▶ **WORK REQUIRED**
Please repeat the lines below, exactly and only, from the one that holds "Conducto de 3" through the one that holds "Solid og dekorativt".

▶ **RECORDS SHOWN**
- - -
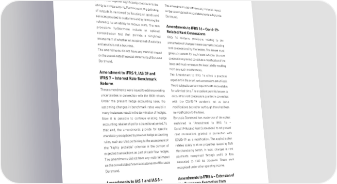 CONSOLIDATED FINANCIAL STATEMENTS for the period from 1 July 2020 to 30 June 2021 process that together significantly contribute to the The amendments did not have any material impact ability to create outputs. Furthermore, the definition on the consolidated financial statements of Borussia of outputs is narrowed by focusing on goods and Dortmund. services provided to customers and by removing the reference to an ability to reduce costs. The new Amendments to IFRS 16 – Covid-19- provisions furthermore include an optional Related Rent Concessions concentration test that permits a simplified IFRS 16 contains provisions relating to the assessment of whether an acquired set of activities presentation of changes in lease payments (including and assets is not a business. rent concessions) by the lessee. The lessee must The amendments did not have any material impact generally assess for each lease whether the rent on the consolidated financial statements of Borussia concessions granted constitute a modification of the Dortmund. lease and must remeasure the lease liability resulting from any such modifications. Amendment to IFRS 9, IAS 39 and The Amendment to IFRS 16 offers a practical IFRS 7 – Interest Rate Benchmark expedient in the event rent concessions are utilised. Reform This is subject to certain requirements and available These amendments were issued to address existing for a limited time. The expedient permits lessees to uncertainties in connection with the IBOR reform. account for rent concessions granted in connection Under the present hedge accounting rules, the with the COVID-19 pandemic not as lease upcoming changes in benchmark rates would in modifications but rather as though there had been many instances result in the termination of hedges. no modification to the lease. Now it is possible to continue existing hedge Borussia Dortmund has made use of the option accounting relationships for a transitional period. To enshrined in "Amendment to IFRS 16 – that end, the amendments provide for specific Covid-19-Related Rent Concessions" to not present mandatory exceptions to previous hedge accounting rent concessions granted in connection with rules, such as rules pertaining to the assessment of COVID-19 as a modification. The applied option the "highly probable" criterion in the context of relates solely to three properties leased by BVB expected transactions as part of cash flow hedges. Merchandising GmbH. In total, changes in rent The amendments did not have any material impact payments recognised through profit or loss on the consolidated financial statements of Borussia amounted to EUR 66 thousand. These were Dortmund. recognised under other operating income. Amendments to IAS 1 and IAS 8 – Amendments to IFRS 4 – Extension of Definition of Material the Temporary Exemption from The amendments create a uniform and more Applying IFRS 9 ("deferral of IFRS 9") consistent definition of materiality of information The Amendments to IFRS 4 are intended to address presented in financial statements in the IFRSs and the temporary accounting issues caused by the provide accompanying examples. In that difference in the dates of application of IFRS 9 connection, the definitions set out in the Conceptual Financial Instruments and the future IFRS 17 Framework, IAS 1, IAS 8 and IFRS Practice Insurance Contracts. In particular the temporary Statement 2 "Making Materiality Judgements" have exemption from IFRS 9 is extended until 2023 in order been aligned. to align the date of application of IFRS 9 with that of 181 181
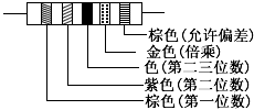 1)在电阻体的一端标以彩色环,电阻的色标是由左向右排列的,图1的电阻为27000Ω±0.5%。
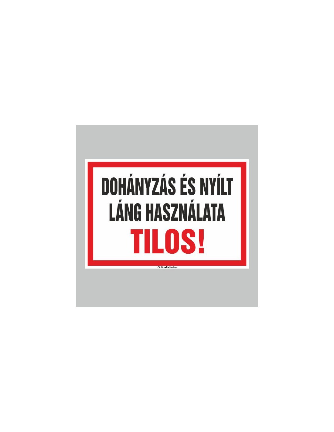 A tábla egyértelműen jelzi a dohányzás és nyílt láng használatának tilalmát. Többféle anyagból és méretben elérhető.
- - -
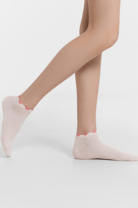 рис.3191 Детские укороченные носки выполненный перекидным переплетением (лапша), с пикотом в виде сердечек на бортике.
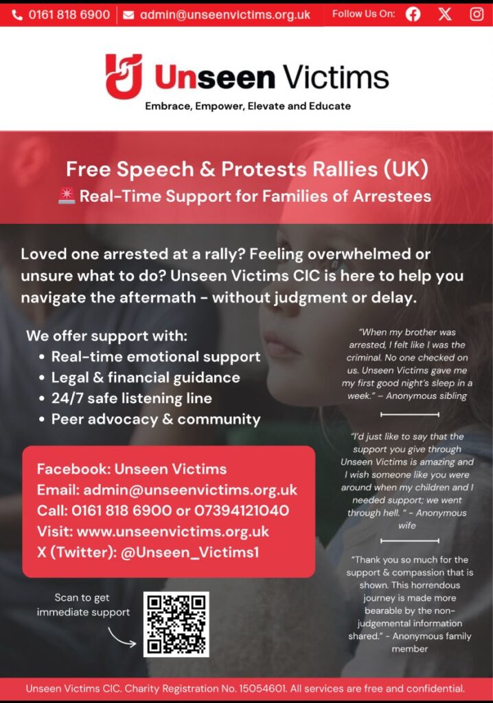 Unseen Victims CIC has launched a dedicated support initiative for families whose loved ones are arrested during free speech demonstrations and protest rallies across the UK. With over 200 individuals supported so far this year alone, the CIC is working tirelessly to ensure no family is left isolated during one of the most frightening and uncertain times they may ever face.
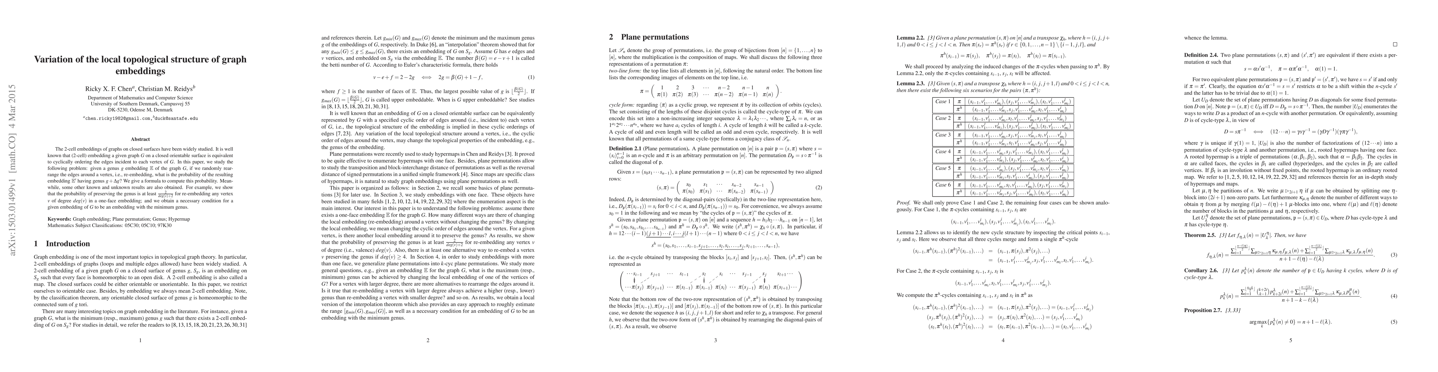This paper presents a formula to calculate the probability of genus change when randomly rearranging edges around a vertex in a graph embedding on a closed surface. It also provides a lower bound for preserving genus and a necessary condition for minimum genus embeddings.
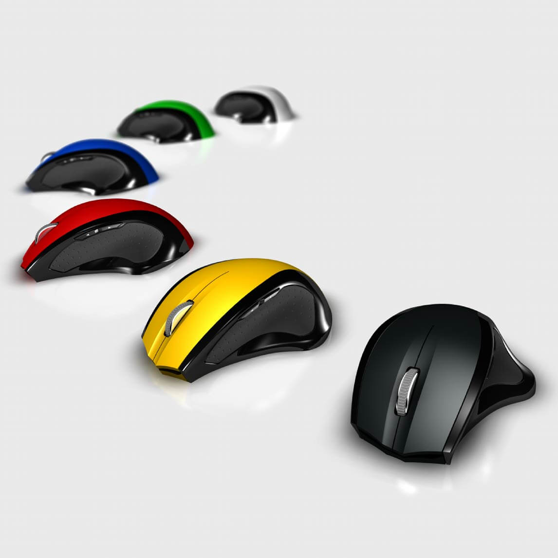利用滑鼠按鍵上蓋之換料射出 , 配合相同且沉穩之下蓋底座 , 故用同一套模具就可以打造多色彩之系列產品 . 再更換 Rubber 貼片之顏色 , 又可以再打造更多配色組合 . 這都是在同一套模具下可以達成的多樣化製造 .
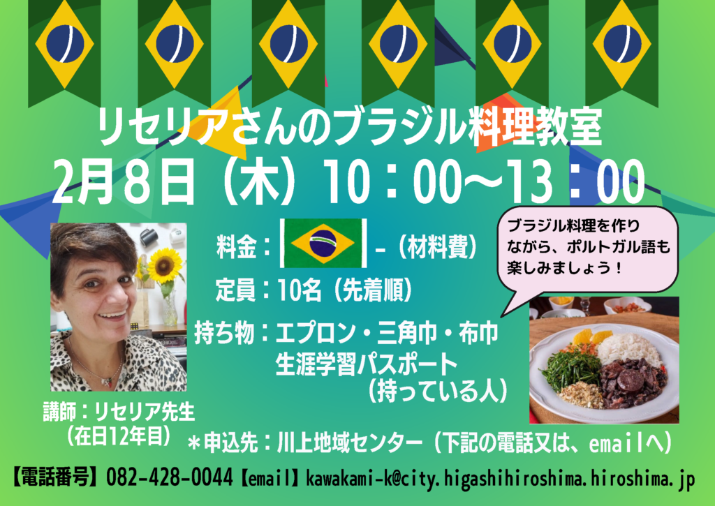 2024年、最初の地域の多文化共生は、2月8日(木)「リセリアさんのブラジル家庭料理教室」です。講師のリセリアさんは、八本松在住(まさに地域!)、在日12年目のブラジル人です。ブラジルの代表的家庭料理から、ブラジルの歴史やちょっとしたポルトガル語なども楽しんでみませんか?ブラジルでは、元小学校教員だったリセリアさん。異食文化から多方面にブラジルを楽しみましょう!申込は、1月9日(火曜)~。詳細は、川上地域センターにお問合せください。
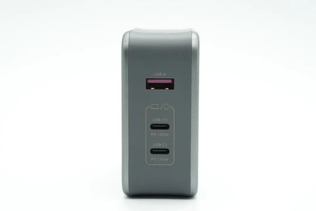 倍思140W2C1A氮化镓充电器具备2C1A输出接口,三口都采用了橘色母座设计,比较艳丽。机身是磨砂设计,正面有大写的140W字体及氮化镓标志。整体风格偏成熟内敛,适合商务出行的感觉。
- - -
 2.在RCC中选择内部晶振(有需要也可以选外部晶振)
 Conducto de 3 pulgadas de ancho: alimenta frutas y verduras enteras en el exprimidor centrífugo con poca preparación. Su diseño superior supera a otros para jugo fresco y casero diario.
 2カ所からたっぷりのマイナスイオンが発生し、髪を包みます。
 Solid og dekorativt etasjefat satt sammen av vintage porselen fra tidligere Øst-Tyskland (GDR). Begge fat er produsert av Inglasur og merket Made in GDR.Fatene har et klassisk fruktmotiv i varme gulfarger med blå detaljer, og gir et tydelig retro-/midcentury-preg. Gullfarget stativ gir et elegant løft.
- - -
▶ **EXERCISE OUTPUT**
 Conducto de 3 pulgadas de ancho: alimenta frutas y verduras enteras en el exprimidor centrífugo con poca preparación. Su diseño superior supera a otros para jugo fresco y casero diario.
 2カ所からたっぷりのマイナスイオンが発生し、髪を包みます。
 Solid og dekorativt etasjefat satt sammen av vintage porselen fra tidligere Øst-Tyskland (GDR). Begge fat er produsert av Inglasur og merket Made in GDR.Fatene har et klassisk fruktmotiv i varme gulfarger med blå detaljer, og gir et tydelig retro-/midcentury-preg. Gullfarget stativ gir et elegant løft.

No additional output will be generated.